DATA PROVIDED:
[Start of Attachment]

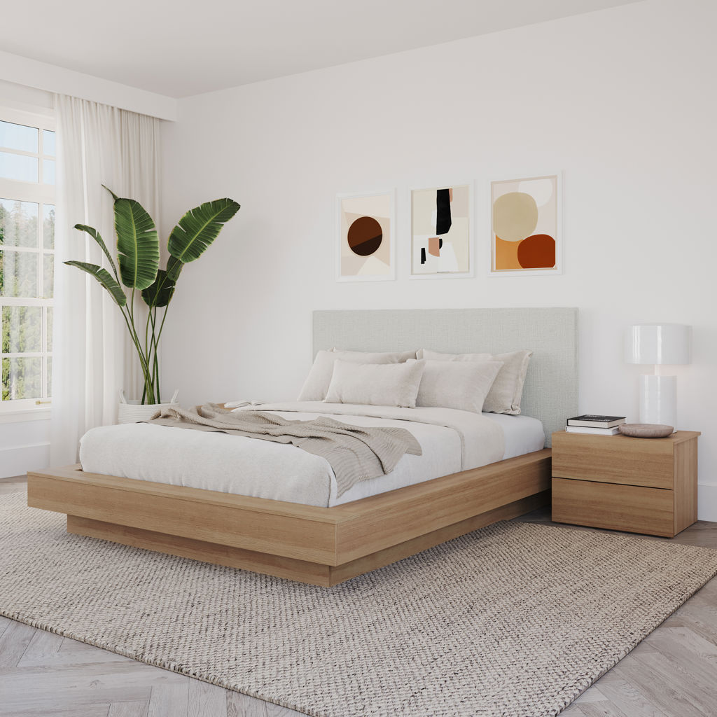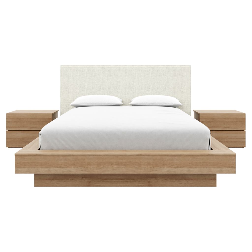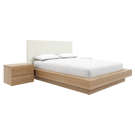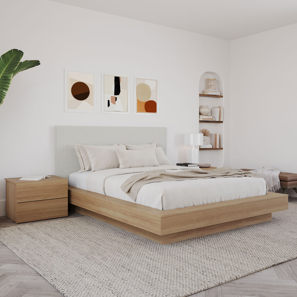The sleek oak-finish nightstands complete the look, combining comfort, elegance, and convenient storage for your essentials.
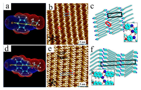 Varying the geometry of π-conjugated cores can influence the outcome of the self-assembly nanostructures. This aspect can be indicated by the bromine-substituted benzene derivative (Br-BC16) and naphthalene derivative (Br-NC16) (Scheme 1a) [71]. Self-assembled patterns of Br-BC16 and Br-NC16 compounds were studied by STM at the 1-octanoic acid/graphite interface, comparatively (Figure 3). STM results show that the two molecules form different linear fashions stabilized by intermolecular type-I Br···Br contact and H···Br HB (Figure 3b,e) because of their different geometry symmetries of π-conjugated cores along the C−Br covalent bond. The π-conjugated cores and side chains of Br-BC16 absorb with the same direction, while the side chains of Br-NC16 extend into different directions along the lattices of graphite substrate. The π-conjugated cores of two kinds of molecules form a dimer and arrange in a head-to-head mode by a pair of H···Br HB with an antiparallel style.
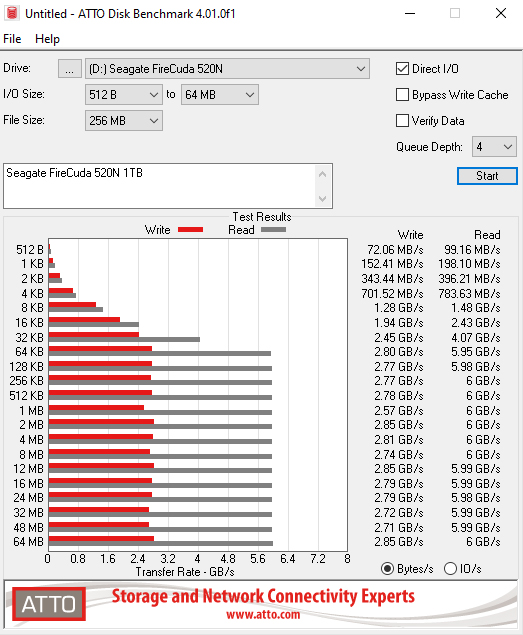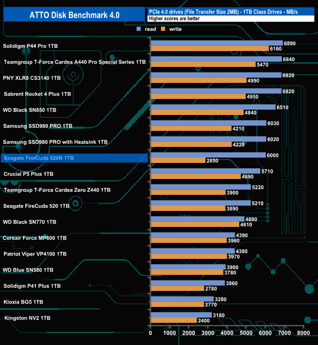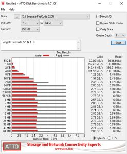 Testing the drive with the ATTO benchmark threw up some very odd results and ones that had us racking our brains for a while but then it clicked. Seagate rates the Sequential performance of the 1TB drive as up to 4,800MB/s for reads and up to 4,700MB/s for writes. The benchmark produced a read score of 6,000MB/s with a write of 2,850MB/s, so one score well over the official figure and one well under. ATTO uses compressible data by default and the controller firmware seems to prefer that to incompressible when it comes to Sequential reads but not writes.
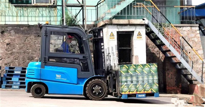 雪花啤酒是比亚迪叉车的老客户,比亚迪叉车非常了解雪花啤酒的需求,针对雪花啤酒物料搬运的这些痛点与需求,比亚迪新能源叉车提出了具有针对性的解决方案:比亚迪3.5吨电动平衡重式叉车服务于雪花啤酒。
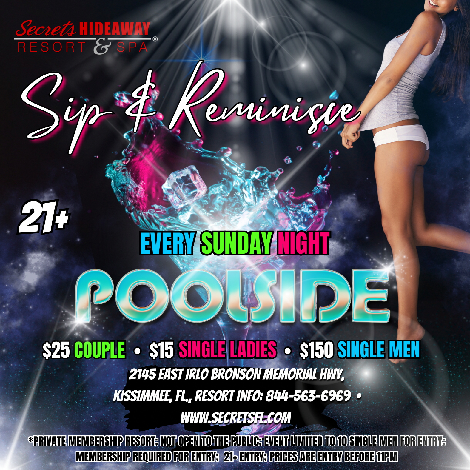 Extend the weekend bliss and dive into an evening of sheer indulgence at Sip & Reminisce Poolside, held every Sunday night at Secrets Hideaway. Gather your friends and let the fun continue as you embrace the laid-back ambiance of our clothing-optional oasis. Whether you prefer to dress to the nines or keep it casual, the choice is entirely yours at this liberating event. Picture yourself poolside, surrounded by the hottest beats, the iciest drinks, and the sexiest company. Sip & Reminisce offers more than just a relaxing evening by the pool; it's an invitation to free your inhibitions and explore your deepest desires in the company of like-minded friends.

[End of Attachment]

REQUIRED WORK:
All records are to be reproduced exactly; the pictures are to be omitted.

ANSWER TO THIS TASK:
The sleek oak-finish nightstands complete the look, combining comfort, elegance, and convenient storage for your essentials.
 Varying the geometry of π-conjugated cores can influence the outcome of the self-assembly nanostructures. This aspect can be indicated by the bromine-substituted benzene derivative (Br-BC16) and naphthalene derivative (Br-NC16) (Scheme 1a) [71]. Self-assembled patterns of Br-BC16 and Br-NC16 compounds were studied by STM at the 1-octanoic acid/graphite interface, comparatively (Figure 3). STM results show that the two molecules form different linear fashions stabilized by intermolecular type-I Br···Br contact and H···Br HB (Figure 3b,e) because of their different geometry symmetries of π-conjugated cores along the C−Br covalent bond. The π-conjugated cores and side chains of Br-BC16 absorb with the same direction, while the side chains of Br-NC16 extend into different directions along the lattices of graphite substrate. The π-conjugated cores of two kinds of molecules form a dimer and arrange in a head-to-head mode by a pair of H···Br HB with an antiparallel style.
 Testing the drive with the ATTO benchmark threw up some very odd results and ones that had us racking our brains for a while but then it clicked. Seagate rates the Sequential performance of the 1TB drive as up to 4,800MB/s for reads and up to 4,700MB/s for writes. The benchmark produced a read score of 6,000MB/s with a write of 2,850MB/s, so one score well over the official figure and one well under. ATTO uses compressible data by default and the controller firmware seems to prefer that to incompressible when it comes to Sequential reads but not writes.
 雪花啤酒是比亚迪叉车的老客户,比亚迪叉车非常了解雪花啤酒的需求,针对雪花啤酒物料搬运的这些痛点与需求,比亚迪新能源叉车提出了具有针对性的解决方案:比亚迪3.5吨电动平衡重式叉车服务于雪花啤酒。
 Extend the weekend bliss and dive into an evening of sheer indulgence at Sip & Reminisce Poolside, held every Sunday night at Secrets Hideaway. Gather your friends and let the fun continue as you embrace the laid-back ambiance of our clothing-optional oasis. Whether you prefer to dress to the nines or keep it casual, the choice is entirely yours at this liberating event. Picture yourself poolside, surrounded by the hottest beats, the iciest drinks, and the sexiest company. Sip & Reminisce offers more than just a relaxing evening by the pool; it's an invitation to free your inhibitions and explore your deepest desires in the company of like-minded friends.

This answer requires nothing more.